The right way to hold it is “the particular prototype I built, that I put in the hands of the six parents wasn’t used by any of the parents.”

And when you hold the conclusion that way, it leaves the door open to “maybe it was the wrong set of parents, maybe there’s a different group of customers with the exact same product or maybe the idea of lighter physical science kits was a good idea, but those three that we made were bad for a particular set of reasons.”

And so that’s it’s such an important part of the journey. Be really clear on what you know, what you don’t know what to kind of hold those conclusions in the right way.

And I think that’s what makes the journey feel, you know, bumpy and circuitous but not frustrating. It’s just the process of coming to understand the nature of the world and your customers and your idea.

Product-Market Fit

How did we finally know [when we were on to something]? On prototype number six, we had built something that we tried on parents and a number of parents gave we gave it to their kids’ teacher. We thought that was an interesting clue since didn’t immediately jump on elementary teachers at that point. When we did finally decide to build a prototype for teachers. We initially built one for middle school science teachers because we want to help them teach science. That one didn’t work, either. They didn’t use it. I had a friend of a friend who was an elementary teacher and happened to show her one of these prototypes. And she was excited about it. One of the breakthrough moments was she told us about a set of lessons that she needed to teach soon.

We just offered to help her. “So what’s this particular lesson? Okay, well, what if we prepared the following things for you and sent that over within a couple days? Would that be helpful to you?”. And we sort of followed her lead in a really concrete way, like a specific day a specific lesson, a specific problem, and we helped her and that’s that was sort of like big clue number one. She got really excited about what we gave to her use quickly and asked for more.

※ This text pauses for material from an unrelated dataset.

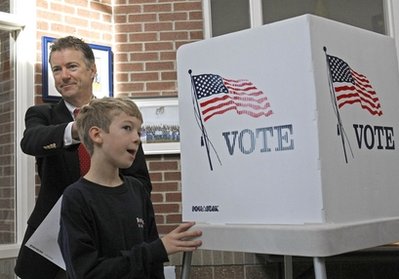 Kentucky Republican Senate candidate Rand Paul rubs the head of his 11-year-old son Robert after filling out his ballot in Bowling Green, Ky., Tuesday, Nov. 2, 2010. (AP Photo/Ed Reinke)

You’ll know when you have it

Yes, it’s very abstract to tell someone “make something that people want, and you’ll know when they want it.” But I have built things before that people didn’t want and I built things before that people really wanted. You can really see the difference. People use lots of different analogies like “customers actually wanting something from you and pulling it out of your hands instead of you calling them ‘would you like to try this? Oh, sure. I’ll try it. I sent it over. You don’t hear anything for 48 hours. Did you get a chance to try it? Oh, I haven’t gotten to it yet.’

But you can tell what it feels like when you are the one providing the energy to push this product forward versus your customers bringing the energy and sort of pulling it out of you in those early days. Many times Doug, and I would have the conversation. “Is this one what product market fit feels like?” And I would say to him “Oh no, you’ll know.” You could tell the difference. And when we finally got this first elementary teacher who was excited and asking for more, and then we got a few more elementary teachers, I remember Doug remarking “Wow, this feels so different than those other prototypes we built where no one really seemed to care and we got 200 signups, but then no one would use it.”

There’s a meta-discussion linking back to 2 Y Combinator principles:

  • This was an example of “doing things that don’t scale”
  • This is what it looks like to try to build something people actually want.

    It’s so easy to make something you want people to want, but they just don’t want it. Just the other day I got an email from a friend who has built a prototype and wants to show it to me to see what I think. And just based on the email my first reaction after reading this email was”it doesn’t really matter what I think” because I’m not the customer. I wonder if this person has shown it to five customers by now before building the whole thing. And that was my feedback on this. Because so often people miss that step. And so I really don’t care what anyone thinks except the potential customers that we think we’re going to be serving with these particular ideas.